The other day Son wasn’t listening when we asked him to clean up his Lincoln Logs, so Husband told him that if he didn’t clean them up he was going to take them away.

I stood there and shook my head, knowing that this would be no incentive at all. Because Son doesn’t get attached to his toys.

He enjoys them. He plays with them. He particularly loves his trains and cars, but more as a class than individually. There will be periods of attachment when a particular toy goes everywhere with him. But these periods are always short-lived, and no deep attachment forms to a specific toy.

This made no sense to me. I’d always seen evidence that kids form strong attachments to their toys. Many of the parents I know clean out playrooms and toy boxes only when their kids aren’t home in an attempt to avoid the histrionics that would be inevitable if the children knew their toys were moving out.

Not so here. I found this out the first time I tried taking away a toy as a consequence for not cleaning up after himself. He could have cared less, but I don’t know how. Over time I tried different ways, but whether I took away one car or one hundred, for one day or five it just didn’t matter. At all.

Huh. He’s not attached to stuff. Who’s not attached to stuff?

Guess who helps me choose toys to give away?

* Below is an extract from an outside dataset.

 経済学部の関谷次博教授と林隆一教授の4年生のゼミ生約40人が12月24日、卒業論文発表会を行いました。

Guess who has talked him into keeping toys?

Now, as we’re getting ready to put the house on the market I find myself asking him if we should keep this serving dish, or that tablecloth, or the other dustcatcher.

He’s all about relationships, not things. It’s not important what he plays with, it’s just important that he plays.

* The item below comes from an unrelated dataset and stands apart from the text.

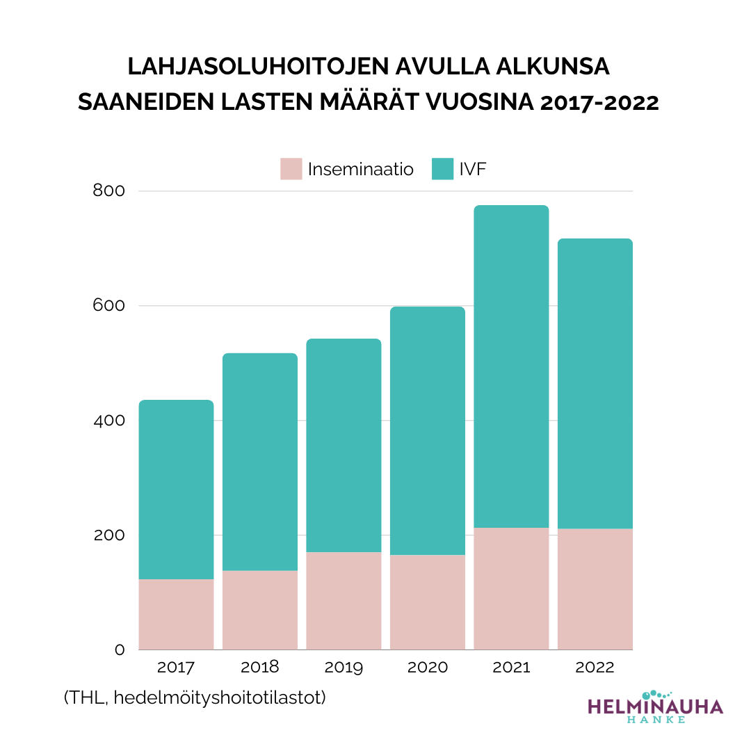 Tuoreen hedelmöityshoitotilaston (THL) mukaan luovutetuilla sukusoluilla toteutettujen hoitojen määrät kasvoivat toista vuotta. Kehysriihen leikkausten vuoksi lahjasoluhoidoilla lapsen saaneille perheille tietoa ja tukea tarjoavan Helminauha-hankkeen toiminta joudutaan lopettamaan.

I’m forty-three. He’s four. And he learned the lesson first. And had to teach it to me.

Really. It’s humbling.

Now if I could just get him past his urinal obsession


3 Responses to “Attachment”

  1. Jen Says:

    My four year old son is like that too, I am sure it will, but I hope that feeling never goes away. We never really buy him much because if I say we are going to go to Target to get him a toy, he’s like, okay, whatever…he’s happyish but doesn’t care too much. He can play with a broken yo-yo or an old ball and be fine. When I was a kid I would have done anything for a toy.

  2. Sara - pension comparison Says:

    Kids these days are surrounded by toys and games to keep their young minds active, primarily because they are cheaper to produce and much more affordable than when we were children!

  3. funnyaboutmoney1 Says:

    That’s very interesting. I wonder if it’s a function of age, or of boyness?

    My son had very few toys that he seemed to be attached to. But I have to say: he had way TOO MANY toys! Maybe he couldn’t get focused on any of them.

    LOL! When I was a little kid — don’t remember how old, but it couldn’t have been more than 6 or 7 at most — I developed a passionate attachment to a cut-out picture of a zebra (came from a coloring book) that I’d glued to piece of cardboard. For some reason I just LOVED this stupid DIY zebra paper doll. When we came home to the States on one of my father’s long leaves, I carried it onto the plane with me for the 24-hour ride across Europe to New York via Shannon and the Azores. Somehow, heaven help my sainted mother, I lost the dratted thing. I was just devastated!

    Oh dear. What must it have been like to be the mother of a Weird Little Kid?